But, that was reasonable. When a human is the rate limiter, you can only develop at 1x speed. Finding every defect and fixing every defect cost real hours you didn’t have, so you triaged by neglect: fix what’ll hurt, let the rest ride, ship it. That was just prioritization - triage - not negligence. The reviewer who’d have caught everything would have cost more than the bugs they caught, so keeping that sort of person on staff wasn’t in vogue and the code rode out the door with its warts intact and a polite human signature on the bottom.

The Clock Broke#

Then the clock broke, and the excuse went with it: review-and-fix runs faster than 1x now. Hand the reviewer’s findings to a coding agent and it churns through all of them, fixing most for a few dollars and a few minutes - a rounding error against what the manual version used to cost in senior attention. So the trade that made “let it ride” reasonable - thoroughness or shipping, pick one - isn’t a trade anymore.

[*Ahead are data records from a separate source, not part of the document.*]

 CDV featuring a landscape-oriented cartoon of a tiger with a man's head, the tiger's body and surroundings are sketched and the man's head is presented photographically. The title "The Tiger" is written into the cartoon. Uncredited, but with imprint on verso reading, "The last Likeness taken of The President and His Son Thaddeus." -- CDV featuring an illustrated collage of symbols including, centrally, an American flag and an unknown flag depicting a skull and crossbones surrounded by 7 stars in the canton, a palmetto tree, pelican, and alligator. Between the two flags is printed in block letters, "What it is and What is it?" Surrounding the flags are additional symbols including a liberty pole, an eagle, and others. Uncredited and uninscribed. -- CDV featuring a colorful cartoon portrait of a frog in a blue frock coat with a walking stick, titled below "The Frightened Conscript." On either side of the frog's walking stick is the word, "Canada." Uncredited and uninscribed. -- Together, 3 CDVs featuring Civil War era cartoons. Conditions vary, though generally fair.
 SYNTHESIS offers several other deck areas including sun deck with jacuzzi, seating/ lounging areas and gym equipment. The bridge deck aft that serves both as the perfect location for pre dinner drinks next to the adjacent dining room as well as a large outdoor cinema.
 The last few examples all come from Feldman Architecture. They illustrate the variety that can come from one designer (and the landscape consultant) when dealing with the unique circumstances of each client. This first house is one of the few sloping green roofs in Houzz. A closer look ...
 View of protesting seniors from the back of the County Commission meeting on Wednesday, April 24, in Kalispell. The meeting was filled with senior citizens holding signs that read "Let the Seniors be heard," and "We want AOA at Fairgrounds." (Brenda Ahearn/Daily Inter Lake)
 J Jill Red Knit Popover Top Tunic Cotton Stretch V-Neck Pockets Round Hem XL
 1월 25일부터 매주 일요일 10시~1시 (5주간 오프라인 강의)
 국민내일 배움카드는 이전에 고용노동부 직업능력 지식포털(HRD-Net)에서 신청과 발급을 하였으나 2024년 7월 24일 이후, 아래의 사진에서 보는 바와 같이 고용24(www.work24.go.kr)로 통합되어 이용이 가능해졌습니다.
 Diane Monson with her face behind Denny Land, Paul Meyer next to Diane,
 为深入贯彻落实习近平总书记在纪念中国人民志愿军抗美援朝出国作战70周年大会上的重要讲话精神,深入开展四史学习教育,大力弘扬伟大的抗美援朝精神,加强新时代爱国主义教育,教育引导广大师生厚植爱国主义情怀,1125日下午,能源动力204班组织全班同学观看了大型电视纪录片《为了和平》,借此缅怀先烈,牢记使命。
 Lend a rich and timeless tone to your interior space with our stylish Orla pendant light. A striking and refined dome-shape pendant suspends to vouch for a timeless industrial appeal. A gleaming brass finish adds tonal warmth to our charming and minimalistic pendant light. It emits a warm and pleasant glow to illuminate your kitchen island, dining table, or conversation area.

You can review all the things and fix all the bugs and still ship today. Inside a change you’ve already decided to make, accomplishment is now cheaper than discernment.

And now, the people still letting it ride are running on an excuse that expired.

Two Ways to Be Wrong About a Real Bug#

We built a tool that finds bad code and tells the truth about it, and the truth turned out to be unflattering, so a lot of people decided the tool was broken. It isn’t. It reads me the same way it reads everyone, and it caught me, and I fixed it and shipped and said thank you.

The reviewer didn’t lower anyone’s standards or make anyone’s code worse, it just stopped grading on a curve. The discomfort people are reporting as “nitpicking” is mostly the lurch of realizing how generous the curve used to be. Consistency reads as cruelty only to whoever the old inconsistency was sparing.

The tools - at least the ones I’m interacting with - reliably surface real defects. We’ve established that. Which means that when someone gets a finding and rejects it, there are only two roads to that rejection.

They didn’t look: they saw the length of the review and reached for the mute button without checking whether the findings were right.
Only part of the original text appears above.